Pathophysiology of Femoral Fractures in Hypophosphatasia

Affiliations
Review

Pathophysiology of Femoral Fractures in Hypophosphatasia

Fabiana G A Tabegna et al. Curr Osteoporos Rep. .

Abstract

Purpose of review: In this review, we will examine the pathophysiology, anatomy, biochemistry, and genotype-phenotype correlation of femoral fractures in adult hypophosphatasia.

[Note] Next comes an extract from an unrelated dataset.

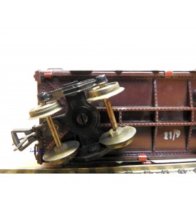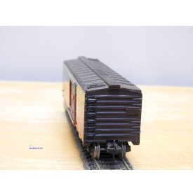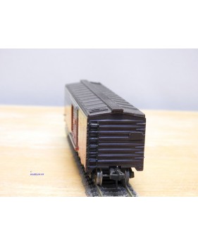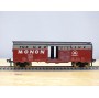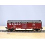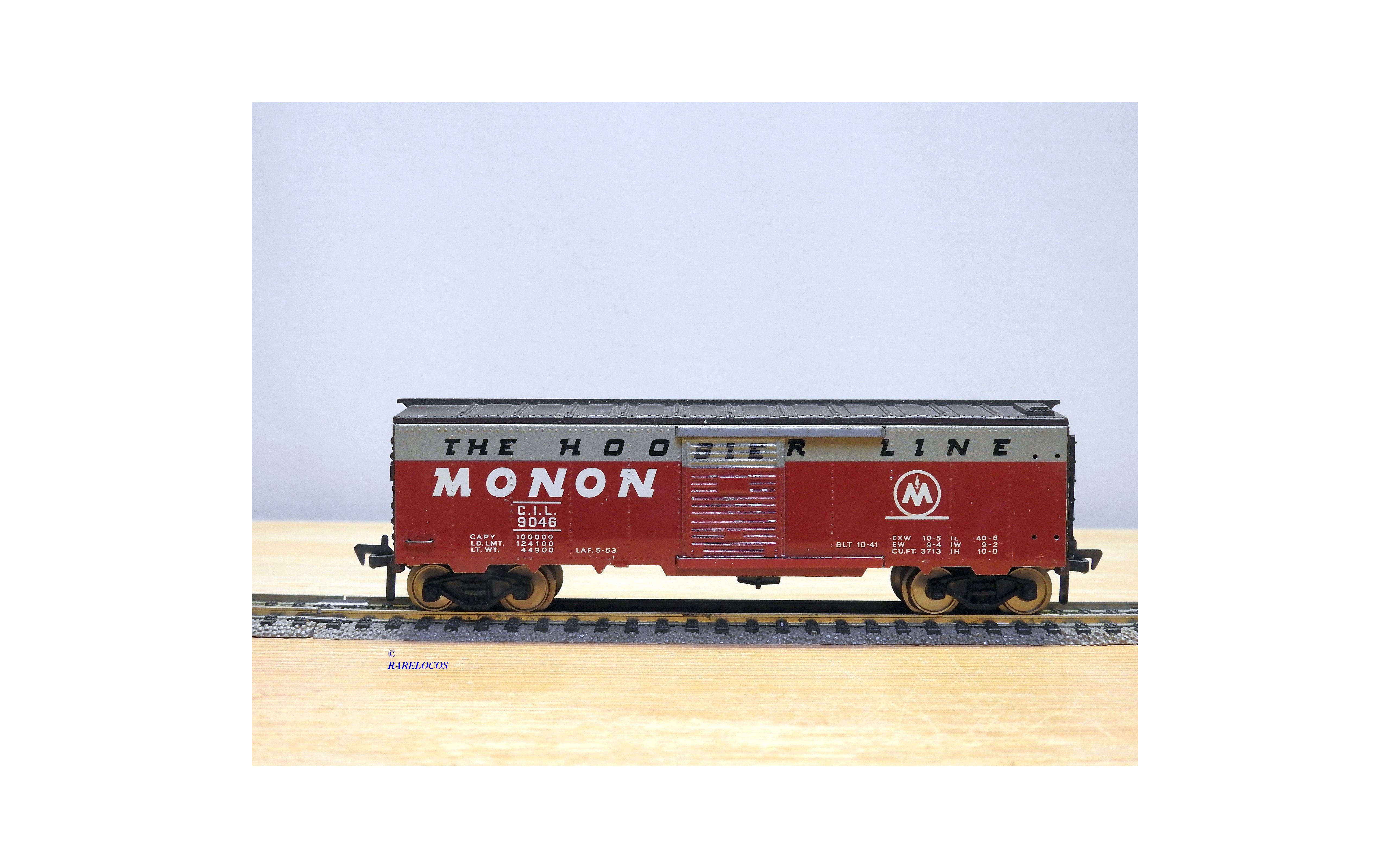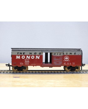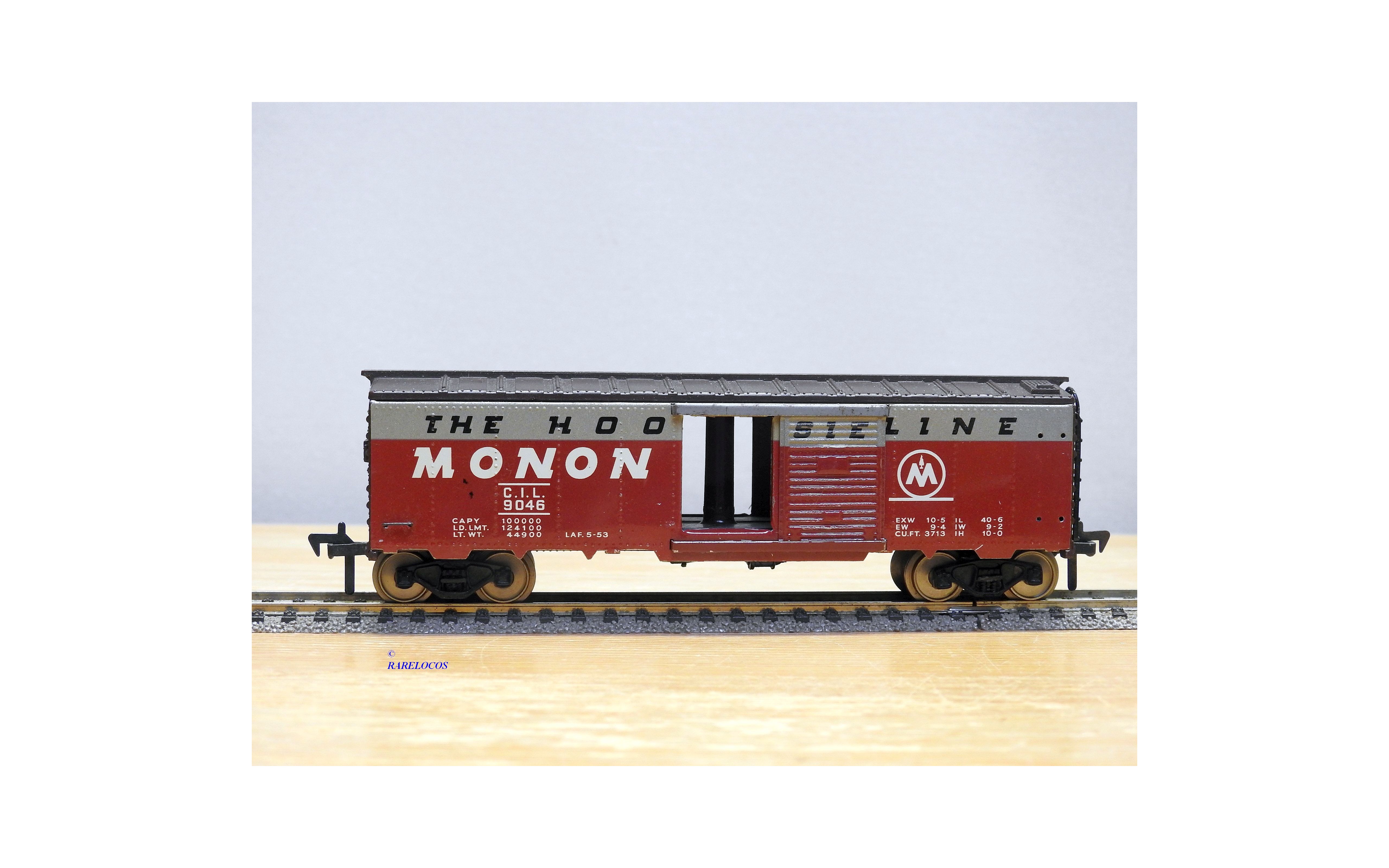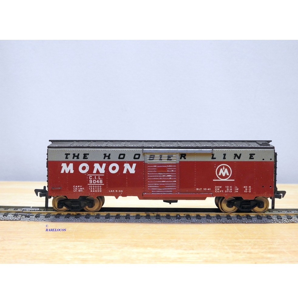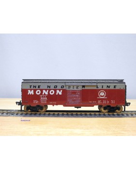 Rare wagon couvert à bogies ( boxcar) des chemins de fer américains ( MONON : Louisville & Nashville Railroad) , livrée rouge brique et grise à toit marron, marquages "The Hoosier Line ", portes coulissantes fonctionnelles, pas de boîte d'origine .

Recent findings: Hypophosphatasia (HPP) is a rare genetic disease characterized by low activity of tissue-nonspecific alkaline phosphatase (TNAP). The disease presents a broad spectrum of clinical manifestations primarily determined by the degree of residual TNAP activity. Adults with HPP of moderate clinical severity may present with spontaneous femoral fractures that are like the atypical femoral fractures (AFF) of long-term bisphosphonates users. In this review, we will focus on the paradox that while HPP can cause biopsy-proven osteomalacia (pathologically impaired bone mineralisation), the spontaneous femoral fractures that characterise adult HPP do not exhibit typical osteomalacia features. Instead, they resemble the femoral fractures that occur in other diseases such as osteopetrosis where bone becomes excessively dense, brittle and highly mineralised due to osteoclast dysfunction. This review examines the key aspects of the pathophysiology of femoral fractures in adults with HPP, offering new insights into the role of anatomical, molecular and biochemical bone abnormalities that characterise the disease. Further investigations of HPP patients with femoral fracture are needed to examine the nanoscale crystal structure of the bone and to study abnormalities in fracture healing and bone resorption.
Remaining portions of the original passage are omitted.